I once figured out the algorithm of the program written in one-instruction ISA. I think the instruction was three-address subtraction.
In my opinion, you overestimate the ability of coding agents to, well, code and underestimate the ability of humans to really understand code.
The chart in the article we discuss appears to plateau if one excludes sample from 2024-07. So, we are not quite heading, we are plateauing, if I may.
Probably more like the long tail of software - software that was created for a particular purpose in a particular domain by a single person in the company who also happened to know programming - maybe just as Excel macros.
I strongly assume the long tail is shifting and expanding now and will eventually mostly be software for one-off purposes authored by people who don't know how to code, and probably have a poor understanding of how it actually works.
Hm, yes, it makes sense. If AI "makes" software more and more composable, then yes, most software will be thin wrapper on some ancient machinery that no one understands :)
I guess in some sense this is already the case. Most developers are not "full stack" (and the job postings that describe a software MacGyver are ridiculed like clockwork), but with AI this is actually becoming more and more possible (and thus normal, or at least normalized).

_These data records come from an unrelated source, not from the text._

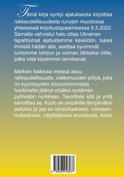 Tämä kirja syntyi ajatuksesta kirjoittaa rakkaudellisuudesta runojen muodossa yhteisessä kirjoitustapaamisessa 9.3.2022. Samalla vahvistui halu ottaa Ukrainan tapahtumat ajatustemme toiseen keskiöön, tukea heitä ja asettaa syvimmät tuntomme lohdun ja voiman lähteiksi niille, jotka niitä kipeimmin tarvitsevat. Melkein kaikissa meissä asuu rakkaudellisuutta, viattomuuden pölyä, joka on kyynisyyden siivousvimmasta huolimatta jäänyt ehjäksi sydämen pyöreään nurkkaan. Tavoittele sitä ja yritä sanoittaa se. Kudo se ympärille lämpimäksi peitoksi ja jaa se lohduttaaksesi, voimaannuttaaksesi, näyttääksesi arvostusta, iloksi.
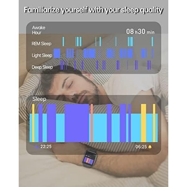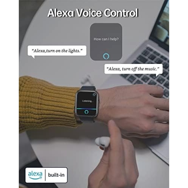 【Calling & Message Alerts & Alexa】 Connected to your phone via bluetooth and APP, this smartwatch with built-in Alexa voice assistant frees you from the anxiety of missing important calls and messages. By setting call and message alerts to vibrate or ring, you will know exactly which call or message you need to respond to in a timely manner. (Note: The smartwatch can receive messages from Facebook, Twitter, Ins, Whatsapp and more but it does not support sending texts.)
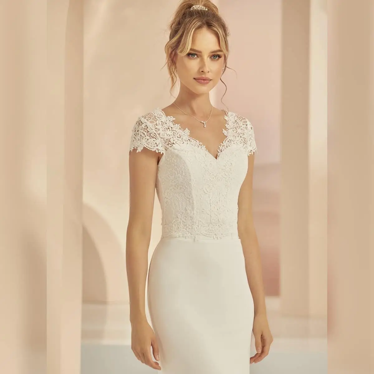 ByStep macht es möglich, Deinen Hochzeits- oder Festtags-Outfit bequem online zusammenzustellen. Vom Kleid, Schuhen, einer schicken Tasche bis hin zum Schmuck und einer Schleppennadel. Wir helfen Dir gerne dabei, Dein Lieblingsstück zu finden! Unser virtuelles Brautmodengeschäft macht es möglich: Ganz ohne Termin und feste Öffnungszeiten. Mit Anprobe in Deinem Wohnzimmer oder Büro.
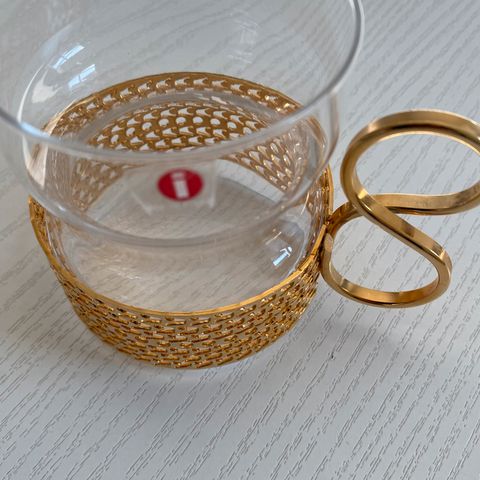Selger et sett med 6 vakre teglass fra Iittala (Finland) med metall-holdere (underkopper).
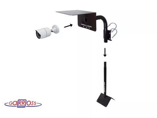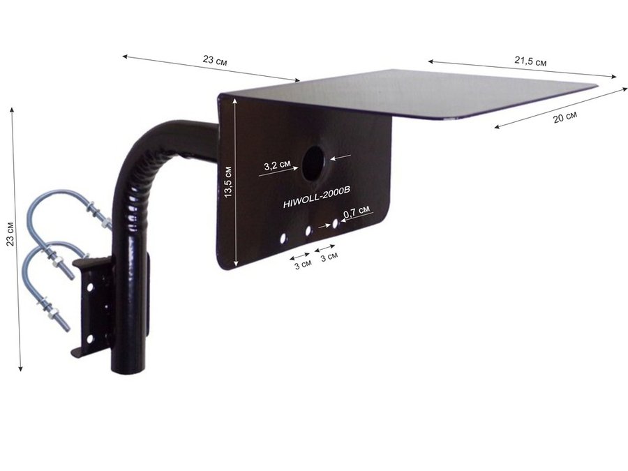Кронштейн "HIWOLL-2000B-121405" чёрный с хомутами и козырьком на мачту для видеокамеры и прожектора
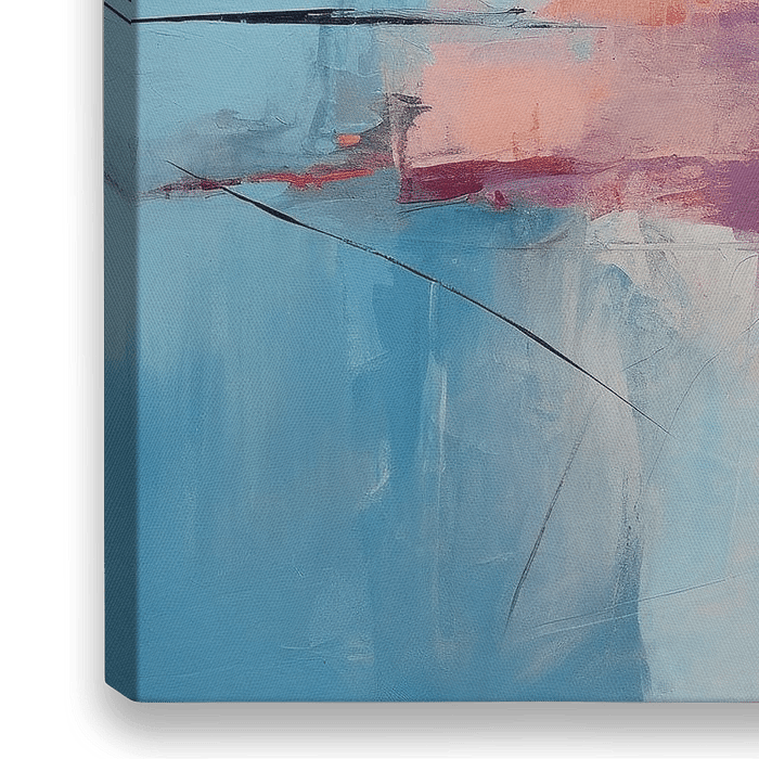 Abstrakte Kunst - Ein zeitgenössisches abstraktes Werk, das eine Komposition aus sanften Pastelltönen mit dynamischen Schwüngen in Rosa und Rot kombiniert. Linien und Flächen kreuzen sich in einem scheinbar zufälligen Muster, was einen spontanen und energiegeladenen Eindruck vermittelt, während die Übergänge zwischen den Farben ein…
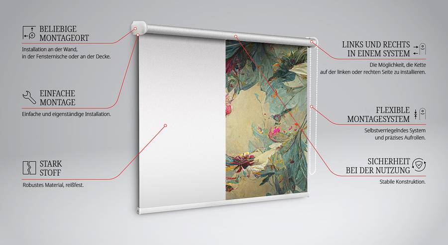 • Примечание по размерам:Общая ширина жалюзи - это ширина ткани + 5 см (труба 1 см + система крепления 4 см)
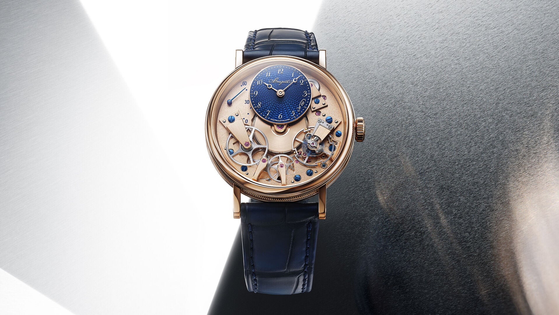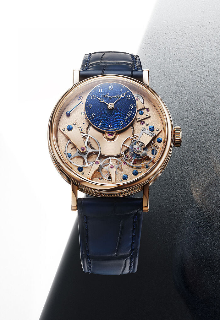 With meticulous finishes, this exclusive model combines the house's two emblematic color codes: gold and Breguet blue. Paired with a navy blue alligator strap and presented in a commemorative box inspired by 18th-century Moroccan leather chests, this watch becomes a true time capsule celebrating two and a half centuries of watchmaking genius.
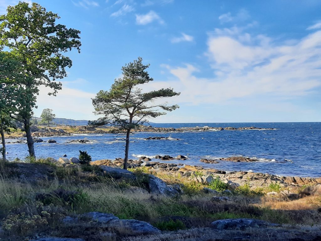 Nachdem Bernhard endlich den Stromkasten außen am Haus gefunden hatte und den Zählerstand ablesen konnte sind wir noch die 5 Minuten zur Küste spaziert und anschließend durch den kleinen Ort Listed. Die Küste ist felsig und von schroffem Charme. Überall stehen Bänke oder auch Picknicktische zum Verweilen. Im Ort hängen die Bäume und Sträucher voller Früchte, es gibt prächtige Feigenbäume und die Menschen grüßen freundlich mit Hej, Hej.

And of course software is eating the world, including itself, so the common problems are all SaaS-ified (and/or FOSS-ified), allowing AI-aided development to offload the instrumental dependencies.
Crappy software that works. Unfortunately for all clanker evangelists, you need humans to review all the clanker spaghetti, manage infra, do firefighting and translate business requirements into working systems (gross oversimplification of what that entails). Just code review alone takes up a huge toll on our bandwidth.
I had a similar experience yesterday. Was working on some async stream extensions. Wrote a couple proofs of concept to benchmark, and picked one based on the results. I almost never use LLMs to write code, but out of curiosity, asked whatever the newest claude is to make it with all the real prod requirements, and it spit out over 400 lines of code, lots of spaghetti, with strange flow and a lot of weird decisions. Wrote it myself with all the same functionality in right around 170 lines.
Also had a similar experience in the past weeks reviewing PRs written with LLMs by other engineers in languages they don't know well, one in rust and one in bash. Both required a lot of rounds of revision and a couple of pairing sessions to get to a point where we got rid of the extraneous bits and made it read normally. I'm glad the tool gave these engineers the confidence to work in areas they wouldn't normally have felt comfortable contributing to, but man do I hate the code that it writes.
Once my code exists and passes test, I generally move on to having it iteratively hunt for bugs, security issues, and DRY code reduction opportunities until it stops finding worthwhile ones.
This doesn't always work as well as I'd like, but largely does enough. Conversely, doing as I go has been a waste of time.
Happens all the time. I usually propose a details structure myself (e.g. do it in three phases, add 3 functions + an orchestrator, make sure structure is valid before writing the function bodies), or iterate on detailed plan before implementing code.
Now some people argue that terrible code is fine nowadays, because humans won't read it anymore...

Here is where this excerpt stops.